The regulations promulgated by the Commissioner of Social Security provide for a five-step sequential analysis to determine whether a Social Security claimant is disabled. 20 C.F.R. § 404.1520. The sequential inquiry is terminated when "a question is answered affirmatively or negatively in such a way that a decision can be made that a claimant is or is not disabled." Pitzer v. Sullivan, 908 F.2d 502, 504 (9th Cir. 1990). During the first four steps of this sequential inquiry, the claimant bears the burden of proof to demonstrate disability. Valentine v. Comm'r Soc. Sec. Admin., 574 F.3d 685, 689 (9th Cir. 2009). At step five, the burden shifts to the Commissioner "to show that the claimant can do other kinds of work." Id. (quoting Embrey v. Bowen, 849 F.2d 418, 422 (9th Cir. 1988)).
Disability is "the inability to engage in any substantial gainful activity" because of a medical impairment which can result in death or "which has lasted or can be expected to last for a continuous period of not less than 12 months." 42 U.S.C. § 423(d)(1)(A).
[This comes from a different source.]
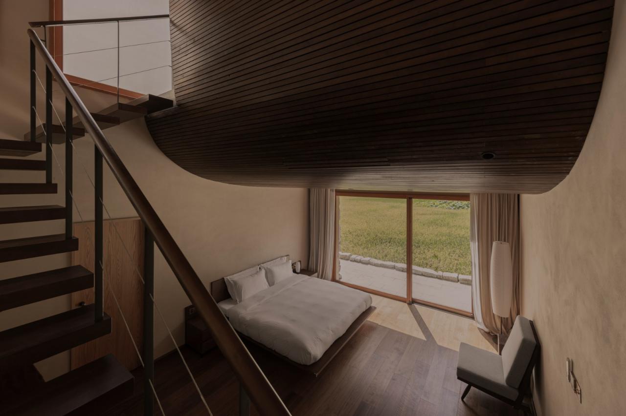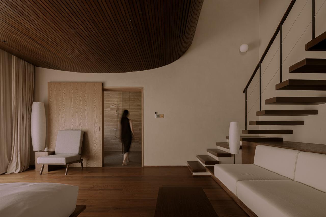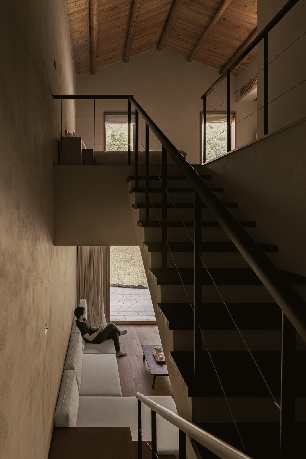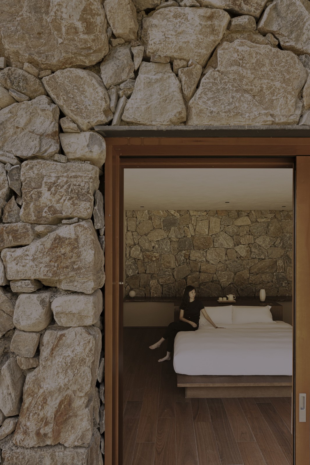 此外,客房内部,卧室等私密性要求较高的功能,设置在由石墙包裹内的一层,同时面向梯田。让客人享受舒适入住的同时,还能体验到丰富的外部环境。

The ALJ must first determine whether the claimant is performing "substantial gainful activity," which would mandate that the claimant be found not disabled regardless of medical condition, age, education, and work experience. 20 C.F.R. § 404.1520(a)(4)(i), (b). Here, the ALJ determined Plaintiff had not performed substantial gainful activity since April 22, 2015. AR 17.
At step two, the ALJ must determine, based on medical findings, whether the claimant has a "severe" impairment or combination of impairments as defined by the Social Security Act. 20 C.F.R. § 404.1520(a)(4)(ii). If no severe impairment is found, the claimant is not disabled. 20 C.F.R. § 404.1520(c). Here, the ALJ determined Plaintiff had the following severe impairments: degenerative disk disease cervical spine, disc protrusion lumbar spine, mild osteoarthritis left knee, and chronic pain. AR 17.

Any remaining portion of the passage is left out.